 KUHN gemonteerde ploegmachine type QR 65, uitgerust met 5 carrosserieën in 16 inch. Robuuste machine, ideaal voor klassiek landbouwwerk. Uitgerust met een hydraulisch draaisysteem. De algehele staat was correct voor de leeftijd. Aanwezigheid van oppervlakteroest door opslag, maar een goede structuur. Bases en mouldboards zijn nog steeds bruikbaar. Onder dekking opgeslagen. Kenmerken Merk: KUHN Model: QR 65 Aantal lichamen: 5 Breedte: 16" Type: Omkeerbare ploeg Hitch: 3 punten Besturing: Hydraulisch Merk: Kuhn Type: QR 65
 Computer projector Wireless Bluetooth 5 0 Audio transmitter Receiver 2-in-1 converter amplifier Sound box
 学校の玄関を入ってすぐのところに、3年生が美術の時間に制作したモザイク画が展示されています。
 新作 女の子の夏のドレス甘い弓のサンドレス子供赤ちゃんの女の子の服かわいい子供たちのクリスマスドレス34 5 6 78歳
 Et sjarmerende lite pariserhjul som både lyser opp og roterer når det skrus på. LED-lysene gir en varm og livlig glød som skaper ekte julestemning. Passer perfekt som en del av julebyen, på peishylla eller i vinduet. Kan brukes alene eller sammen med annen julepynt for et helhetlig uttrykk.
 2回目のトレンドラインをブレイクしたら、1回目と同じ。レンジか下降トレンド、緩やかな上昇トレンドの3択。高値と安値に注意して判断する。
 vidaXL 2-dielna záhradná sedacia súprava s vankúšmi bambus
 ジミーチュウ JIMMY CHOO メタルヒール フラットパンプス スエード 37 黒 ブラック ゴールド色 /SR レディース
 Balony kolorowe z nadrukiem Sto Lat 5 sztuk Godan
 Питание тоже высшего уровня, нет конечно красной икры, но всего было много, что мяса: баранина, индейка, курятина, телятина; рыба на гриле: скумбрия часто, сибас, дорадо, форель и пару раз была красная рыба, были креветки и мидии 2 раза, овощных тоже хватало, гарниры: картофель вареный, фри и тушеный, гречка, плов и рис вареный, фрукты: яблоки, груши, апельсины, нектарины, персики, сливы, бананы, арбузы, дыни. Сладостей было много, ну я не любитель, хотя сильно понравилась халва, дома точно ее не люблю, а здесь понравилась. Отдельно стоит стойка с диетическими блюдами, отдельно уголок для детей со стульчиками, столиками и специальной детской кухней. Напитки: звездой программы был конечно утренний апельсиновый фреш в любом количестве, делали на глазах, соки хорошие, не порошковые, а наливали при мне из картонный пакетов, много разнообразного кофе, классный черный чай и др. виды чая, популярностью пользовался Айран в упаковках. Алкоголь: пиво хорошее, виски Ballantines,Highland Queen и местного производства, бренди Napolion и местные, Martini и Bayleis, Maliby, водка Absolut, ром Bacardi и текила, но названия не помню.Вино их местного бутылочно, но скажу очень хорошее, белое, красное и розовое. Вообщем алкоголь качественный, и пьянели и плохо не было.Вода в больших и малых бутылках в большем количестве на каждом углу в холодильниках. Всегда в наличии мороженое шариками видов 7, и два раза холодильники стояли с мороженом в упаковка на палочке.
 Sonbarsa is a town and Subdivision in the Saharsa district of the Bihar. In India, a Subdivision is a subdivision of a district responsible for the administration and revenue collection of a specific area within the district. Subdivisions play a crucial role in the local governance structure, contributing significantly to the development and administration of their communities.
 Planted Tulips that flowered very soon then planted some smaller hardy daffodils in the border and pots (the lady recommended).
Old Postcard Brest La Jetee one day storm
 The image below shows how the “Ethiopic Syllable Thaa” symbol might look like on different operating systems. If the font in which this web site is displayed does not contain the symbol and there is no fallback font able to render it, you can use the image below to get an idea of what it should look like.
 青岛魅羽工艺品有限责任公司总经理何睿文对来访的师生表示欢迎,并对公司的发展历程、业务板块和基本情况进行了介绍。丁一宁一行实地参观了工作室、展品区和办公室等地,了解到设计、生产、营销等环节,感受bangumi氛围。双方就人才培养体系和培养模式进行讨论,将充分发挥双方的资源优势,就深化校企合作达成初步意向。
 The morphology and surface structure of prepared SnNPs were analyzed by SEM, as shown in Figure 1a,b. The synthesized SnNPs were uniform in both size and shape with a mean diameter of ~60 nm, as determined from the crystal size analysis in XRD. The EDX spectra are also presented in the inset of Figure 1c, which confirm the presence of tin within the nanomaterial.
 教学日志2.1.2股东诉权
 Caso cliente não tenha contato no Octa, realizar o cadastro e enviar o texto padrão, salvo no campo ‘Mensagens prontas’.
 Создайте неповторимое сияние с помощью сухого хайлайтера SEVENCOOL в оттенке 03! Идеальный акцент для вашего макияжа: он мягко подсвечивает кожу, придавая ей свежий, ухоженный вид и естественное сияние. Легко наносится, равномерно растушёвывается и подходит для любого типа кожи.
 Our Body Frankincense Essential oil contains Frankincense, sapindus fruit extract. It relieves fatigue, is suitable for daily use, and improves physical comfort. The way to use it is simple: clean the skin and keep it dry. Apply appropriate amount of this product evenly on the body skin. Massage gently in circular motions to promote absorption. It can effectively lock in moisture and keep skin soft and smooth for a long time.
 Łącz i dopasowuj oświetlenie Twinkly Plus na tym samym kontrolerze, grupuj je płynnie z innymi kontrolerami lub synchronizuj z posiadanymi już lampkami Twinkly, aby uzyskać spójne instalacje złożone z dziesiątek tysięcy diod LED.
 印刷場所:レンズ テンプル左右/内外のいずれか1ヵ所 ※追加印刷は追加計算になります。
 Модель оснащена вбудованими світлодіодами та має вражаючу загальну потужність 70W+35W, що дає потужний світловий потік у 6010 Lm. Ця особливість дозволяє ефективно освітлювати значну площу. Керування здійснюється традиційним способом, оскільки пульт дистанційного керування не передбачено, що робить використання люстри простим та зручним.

The task: Copy each line of the preceding data that contains the string "which".

Problem solution:
 The image below shows how the “Ethiopic Syllable Thaa” symbol might look like on different operating systems. If the font in which this web site is displayed does not contain the symbol and there is no fallback font able to render it, you can use the image below to get an idea of what it should look like.
 The morphology and surface structure of prepared SnNPs were analyzed by SEM, as shown in Figure 1a,b. The synthesized SnNPs were uniform in both size and shape with a mean diameter of ~60 nm, as determined from the crystal size analysis in XRD. The EDX spectra are also presented in the inset of Figure 1c, which confirm the presence of tin within the nanomaterial.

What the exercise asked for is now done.